Define thrombocytopenia.

Answer 67

Deficiency of platelets in blood.
Primary thrombocytopenia - unknown reason.
Immune thrombocytopenia- antibodies to GPIIb/IIIa or GPIb/IX.

Question 68

What is the clinical feature of immune thrombocytopenia?

Answer 68

Mild ITP - small haemorrhages - petechia (appears as rash).

Severe ITP - extensive haematoma and cerebral haemorrhage.

Question 69

Define Glanzmann’s thrombasthenia.

Answer 69

Autosomal recessive bleeding syndrome - affects megakaryocytic lineage.
Lack of platelet aggregation.
Due to nonsense mutations affecting GPIIb/IIIa.

Question 70

What are the clinical features of Glanzmann’s thrombasthenia?

Answer 70

Bleeding gums to severe haemorrhage.

Question 71

Define haemophilia.

Answer 71

Recessive sex-linked X-chromosome disorder.

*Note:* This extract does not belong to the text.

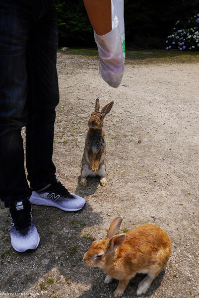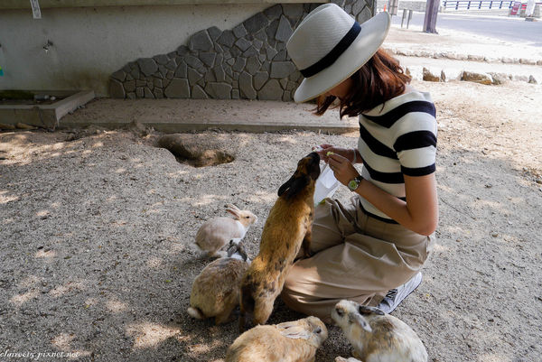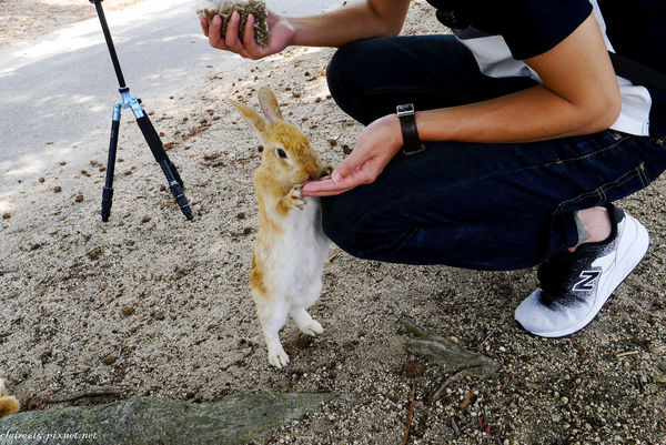 大久野島的交通並不如想像中的複雜,只要轉乘時間有規劃好,不會講日文也是OK的,這次也看到很多歐美觀光客帶著飼料來餵兔子,對於喜愛兔子或是小動物的人來說,這裡真的很值得一遊,只是太陽真的很大…水要準備充足外、防曬一定要做好。而且我一邊餵兔子一邊要拍照,不停起立蹲下的結果就是隔天嚴重鐵腿(平常沒運動的後果QQ)下次若還有來廣島一帶,我一定還會再帶滿滿的食物來拜訪可愛的兔兔們的!

Haemophilia A - deficiency in factor 8.
Haemophilia B - deficiency in factor 9.

Question 72

What is the mech of action of aspirin?

Answer 72

Inhibits platelet cyclooxygenase - key enzyme in thromboxane A2 generation -> potent anti-platelet agent.
Effects lasts for the life of platelet.

Used in ischaemic stroke, TIA, angina, MI.

Question 73

What is the mech of action of clopidogrel?

Answer 73

ADP receptor antagonist.

Prevents blockage of coronary arterial stent.

Question 74

What is the mech of action of heparin?

Answer 74

Binds antithrombin III - activating it -> which inhibits thrombin and factor 10a (UFH).
LMW heparin only inactivates factor 10a.

Question 75

What is the mech of action of warfarin?

Answer 75

Vitamin K antagonist.
Many clotting factors (3, 7, 9, 10) rely on reduced form of vitamin K (KH2) for carboxylation of glutamic residues.
Warfarin blocks the reformation of KH2 from the oxidised form so reducing clotting factor formation.

Question 76

What is the mech of action of thrombin inhibitors?

Answer 76

Directly inhibit thrombin so it can’t be used in coagulation cascade.